Бокстель презрительно улыбнулся и пожалъ плечами.

Принцъ внимательно слѣдилъ за всѣми его движеніями.

— Такъ вы не знаете этой дѣвушки?

— Нѣтъ, ваша свѣтлость!

— А вы, моя милая, знаете г. Бокстеля?

— Нѣтъ, г. Бокстеля я не знаю, а знаю Якова!

— Что это значитъ?

— То, что въ Лёвенштейнѣ этотъ человѣкъ, который называется теперь Исаакомъ Бокстелемъ, жилъ подъ именемъ Якова.
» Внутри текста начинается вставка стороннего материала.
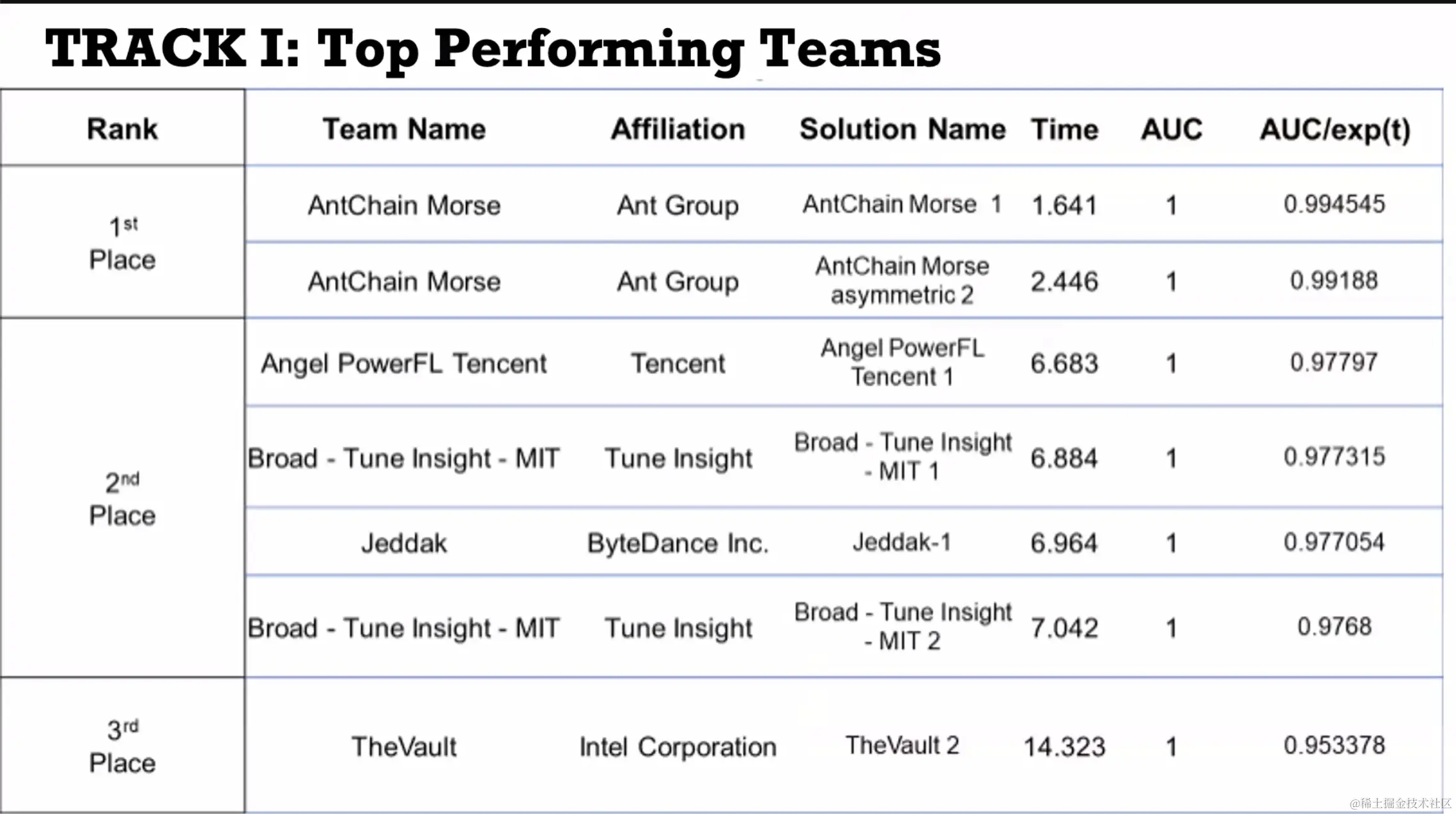 根据主办方设置的两个测试样例,我们的方案在仅使用2台安全虚拟机、共计8个可用线程的的严格限制下,最多耗费2.6小时就运行完成了测试,成为机密计算领域13个参赛队伍中唯一完赛的团队;同时我们的方案保证了准确率在99%以上,且可执行代码(TCB)也仅有920KB大小。

— Что вы на это скажете, г. Бокстель?

— Дѣвушка эта лжетъ, ваша свѣтлость.

— Вы никогда не были въ Лёвенштейнѣ?

Бокстель смутился. Проницательный и повелительный взглядъ принца препятствовалъ ему солгать.

— Я не отпираюсь, что былъ въ Лёвенштейнѣ; но ужь, конечно, не похитилъ тюльпана.
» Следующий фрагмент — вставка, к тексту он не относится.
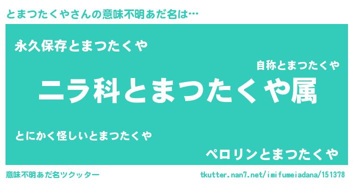 | 胡散臭い通販商品みたいなあだ名 | 『前代未聞の健康食品…その名も「とまつたくや」』 |

— Вы украли его изъ моей комнаты! вскричала Роза съ негодованіемъ.

— Это ложь!

— Послушайте не-уже-ли вы отопретесь, что прокрались за мною въ садъ, въ тотъ день, какъ я должна была посадить отростокъ? Отопретесь, что выкапывали его, когда я нарочно притворялась, что посадила его? Скажите, отопретесь вы?..

Бокстель не разсудилъ отвѣчать на эти вопросы, но, обратясь къ принцу, сказалъ ему:

— Ужь двадцать лѣтъ, ваша свѣтлость, какъ я занимаюсь цвѣтоводствомъ въ Дортрехтѣ. Я пріобрѣлъ даже нѣкоторую извѣстность: одно изъ моихъ изобрѣтеній посвящено португальскому королю. Позвольте донести вамъ настоящую истину: эта дѣвушка узнала, что я нашелъ секретъ чернаго тюльпана и, по согласію съ любовникомъ своимъ, приговореннымъ къ вѣчному заключенію въ Лёвенштсйнѣ, рѣшилась разорить меня, присвоивъ себѣ премію ста тысячъ гульденовъ, которые мнѣ слѣдуютъ по законамъ и справедливости.
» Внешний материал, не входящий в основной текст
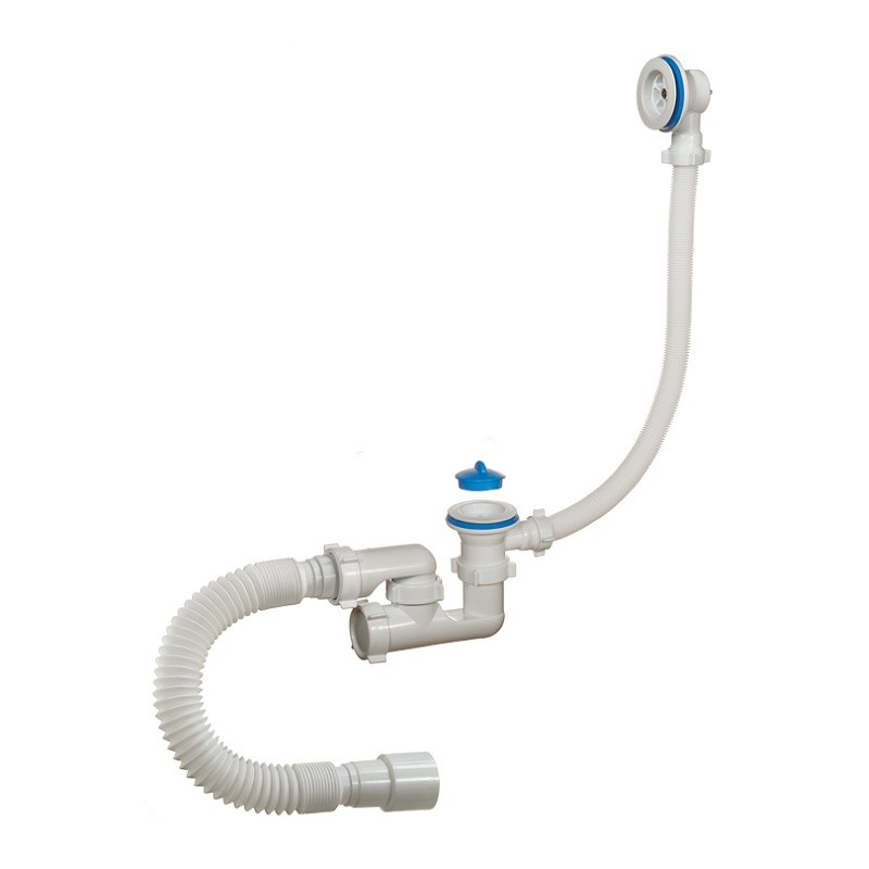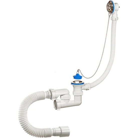 Сифон 1 1/2"х40, с переливом и нержавеющими чашками, для ванн и глубоких душевых поддонов. Конструкция сифона позволяет прочищать сифон, не демонтируя. В комплекте латунная цепочка с пробкой. Отвод в канализацию гибкая труба 40 – 40/50

— О, Боже мой! вскричала Роза съ гнѣвомъ.

— Замолчите! сказалъ ей принцъ.

Потомъ, обратясь къ Бокстелю, спросилъ:

— А кто этотъ арестантъ, котораго вы называете любовникомъ этой дѣвушки?

Роза едва держалась на ногахъ: она знала, что воспоминаніе о преступникахъ всегда непріятно для принца. Бокстель же чрезвычайно обрадовался этому вопросу.

— Вашей свѣтлости угодно знать, кто этотъ арестантъ?

— Ну, да!

— Одно имя докажетъ вашей свѣтлости, до какой степени можно вѣрить его любовницѣ и соучастницѣ. Этотъ государственный преступникъ ужь однажды на смертную казнь…

— Какъ зовутъ его? спросилъ Принцъ.

Роза въ отчаяніи закрыла лицо свое руками

— Корнелій фан-Берле! отвѣчалъ Бокстель. — Онъ крестникъ извѣстнаго злодѣя Корнелія Витта…

Принцъ вздрогнулъ. Казалось, что изъ глазъ его брызнули искры, но тотчасъ же потомъ неподвижность выразилась опять на лицѣ его.

Онъ подошелъ къ Розѣ и движеніемъ руки велѣлъ ей смотрѣть на себя Та повиновалась, какъ-бы по мановенію волшебнаго жезла.

— Такъ, чтобъ слѣдовать за этимъ человѣкомъ, вы въ Лейденѣ просили для отца своего мѣста лёвенштейнскаго тюремщика?

Роза опустила голову и, какъ-бы подавленная вопросомъ, прошептала едва внятнымъ голосомъ

— Точно такъ, ваша свѣтлость.

— Продолжайте, г. Бокстель, сказалъ принцъ, обратясь къ нему.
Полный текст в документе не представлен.